REQUIRED WORK:
Copy the line with "信用代码 | 91330109341810271X |" and all lines following it through the last line of the entries, exactly as written.

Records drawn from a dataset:
--- START ---

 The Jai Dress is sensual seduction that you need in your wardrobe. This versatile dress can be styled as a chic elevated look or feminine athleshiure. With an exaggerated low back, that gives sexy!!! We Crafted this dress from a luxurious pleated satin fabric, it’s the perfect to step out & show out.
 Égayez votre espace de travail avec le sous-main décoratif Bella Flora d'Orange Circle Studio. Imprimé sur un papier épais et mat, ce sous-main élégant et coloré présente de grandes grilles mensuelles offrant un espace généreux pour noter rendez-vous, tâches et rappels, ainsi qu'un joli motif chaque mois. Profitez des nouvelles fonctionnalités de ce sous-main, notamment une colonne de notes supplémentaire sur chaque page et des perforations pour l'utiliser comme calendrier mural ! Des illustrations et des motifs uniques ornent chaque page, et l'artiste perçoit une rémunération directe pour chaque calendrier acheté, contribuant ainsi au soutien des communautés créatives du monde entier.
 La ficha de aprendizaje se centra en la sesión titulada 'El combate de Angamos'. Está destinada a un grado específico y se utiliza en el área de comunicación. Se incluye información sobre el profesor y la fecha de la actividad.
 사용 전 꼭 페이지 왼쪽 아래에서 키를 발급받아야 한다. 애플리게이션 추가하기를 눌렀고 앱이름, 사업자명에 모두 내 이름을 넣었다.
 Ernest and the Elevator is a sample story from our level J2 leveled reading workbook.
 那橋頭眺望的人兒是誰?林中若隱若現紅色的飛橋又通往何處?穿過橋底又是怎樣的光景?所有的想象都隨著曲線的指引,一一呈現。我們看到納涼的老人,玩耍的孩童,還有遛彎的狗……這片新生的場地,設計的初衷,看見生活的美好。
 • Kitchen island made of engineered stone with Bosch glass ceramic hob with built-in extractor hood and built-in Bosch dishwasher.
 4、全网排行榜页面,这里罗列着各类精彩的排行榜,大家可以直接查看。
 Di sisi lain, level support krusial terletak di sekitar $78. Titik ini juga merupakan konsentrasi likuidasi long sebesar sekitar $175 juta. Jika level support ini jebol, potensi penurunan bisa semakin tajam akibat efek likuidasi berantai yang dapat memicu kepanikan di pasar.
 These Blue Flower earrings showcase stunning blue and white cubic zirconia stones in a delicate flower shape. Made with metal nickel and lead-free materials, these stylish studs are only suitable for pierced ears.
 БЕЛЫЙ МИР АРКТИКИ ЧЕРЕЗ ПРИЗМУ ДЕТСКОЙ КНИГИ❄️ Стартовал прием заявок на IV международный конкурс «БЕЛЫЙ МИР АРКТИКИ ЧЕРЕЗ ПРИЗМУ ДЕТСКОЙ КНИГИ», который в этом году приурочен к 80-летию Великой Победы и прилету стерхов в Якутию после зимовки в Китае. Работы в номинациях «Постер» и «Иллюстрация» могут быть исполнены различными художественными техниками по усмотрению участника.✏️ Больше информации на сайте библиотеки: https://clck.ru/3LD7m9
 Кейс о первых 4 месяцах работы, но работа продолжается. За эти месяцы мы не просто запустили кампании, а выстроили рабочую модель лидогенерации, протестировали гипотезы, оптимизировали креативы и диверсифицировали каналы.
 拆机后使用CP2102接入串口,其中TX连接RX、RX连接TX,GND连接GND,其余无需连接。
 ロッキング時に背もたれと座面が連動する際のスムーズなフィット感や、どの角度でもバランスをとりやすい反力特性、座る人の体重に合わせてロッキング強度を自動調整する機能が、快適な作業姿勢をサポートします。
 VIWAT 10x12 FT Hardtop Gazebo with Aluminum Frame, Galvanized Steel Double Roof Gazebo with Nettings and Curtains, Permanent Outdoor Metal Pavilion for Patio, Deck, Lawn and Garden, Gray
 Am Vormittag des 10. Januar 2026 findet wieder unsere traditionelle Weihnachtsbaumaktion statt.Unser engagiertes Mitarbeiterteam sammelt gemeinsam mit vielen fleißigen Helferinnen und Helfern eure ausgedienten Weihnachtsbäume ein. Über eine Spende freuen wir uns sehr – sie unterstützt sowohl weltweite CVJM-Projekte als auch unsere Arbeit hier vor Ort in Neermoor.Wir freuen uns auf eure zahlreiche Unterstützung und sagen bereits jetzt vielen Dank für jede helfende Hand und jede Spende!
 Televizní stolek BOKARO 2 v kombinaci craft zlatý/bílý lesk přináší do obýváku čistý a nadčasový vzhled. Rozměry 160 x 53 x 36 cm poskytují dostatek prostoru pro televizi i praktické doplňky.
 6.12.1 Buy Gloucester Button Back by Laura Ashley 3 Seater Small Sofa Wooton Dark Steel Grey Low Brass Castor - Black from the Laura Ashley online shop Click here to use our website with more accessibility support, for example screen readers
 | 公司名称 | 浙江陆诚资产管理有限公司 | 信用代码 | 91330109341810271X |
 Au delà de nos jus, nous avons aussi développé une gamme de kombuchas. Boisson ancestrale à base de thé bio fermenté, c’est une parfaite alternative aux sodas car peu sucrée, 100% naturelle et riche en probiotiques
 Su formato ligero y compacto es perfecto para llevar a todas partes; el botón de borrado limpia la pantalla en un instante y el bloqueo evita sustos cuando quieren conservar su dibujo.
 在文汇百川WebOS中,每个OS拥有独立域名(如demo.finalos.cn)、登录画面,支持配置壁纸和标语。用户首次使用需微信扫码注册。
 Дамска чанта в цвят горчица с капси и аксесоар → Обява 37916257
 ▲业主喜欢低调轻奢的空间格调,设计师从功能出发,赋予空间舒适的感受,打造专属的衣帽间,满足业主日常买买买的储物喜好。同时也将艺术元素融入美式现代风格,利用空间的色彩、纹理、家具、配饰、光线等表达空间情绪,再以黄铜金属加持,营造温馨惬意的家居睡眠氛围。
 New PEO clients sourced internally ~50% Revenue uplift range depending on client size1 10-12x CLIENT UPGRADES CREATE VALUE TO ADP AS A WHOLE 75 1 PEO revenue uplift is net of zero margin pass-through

--- END ---

ANSWER BELOW:
 | 公司名称 | 浙江陆诚资产管理有限公司 | 信用代码 | 91330109341810271X |
 Au delà de nos jus, nous avons aussi développé une gamme de kombuchas. Boisson ancestrale à base de thé bio fermenté, c’est une parfaite alternative aux sodas car peu sucrée, 100% naturelle et riche en probiotiques
 Su formato ligero y compacto es perfecto para llevar a todas partes; el botón de borrado limpia la pantalla en un instante y el bloqueo evita sustos cuando quieren conservar su dibujo.
 在文汇百川WebOS中,每个OS拥有独立域名(如demo.finalos.cn)、登录画面,支持配置壁纸和标语。用户首次使用需微信扫码注册。
 Дамска чанта в цвят горчица с капси и аксесоар → Обява 37916257
 ▲业主喜欢低调轻奢的空间格调,设计师从功能出发,赋予空间舒适的感受,打造专属的衣帽间,满足业主日常买买买的储物喜好。同时也将艺术元素融入美式现代风格,利用空间的色彩、纹理、家具、配饰、光线等表达空间情绪,再以黄铜金属加持,营造温馨惬意的家居睡眠氛围。
 New PEO clients sourced internally ~50% Revenue uplift range depending on client size1 10-12x CLIENT UPGRADES CREATE VALUE TO ADP AS A WHOLE 75 1 PEO revenue uplift is net of zero margin pass-through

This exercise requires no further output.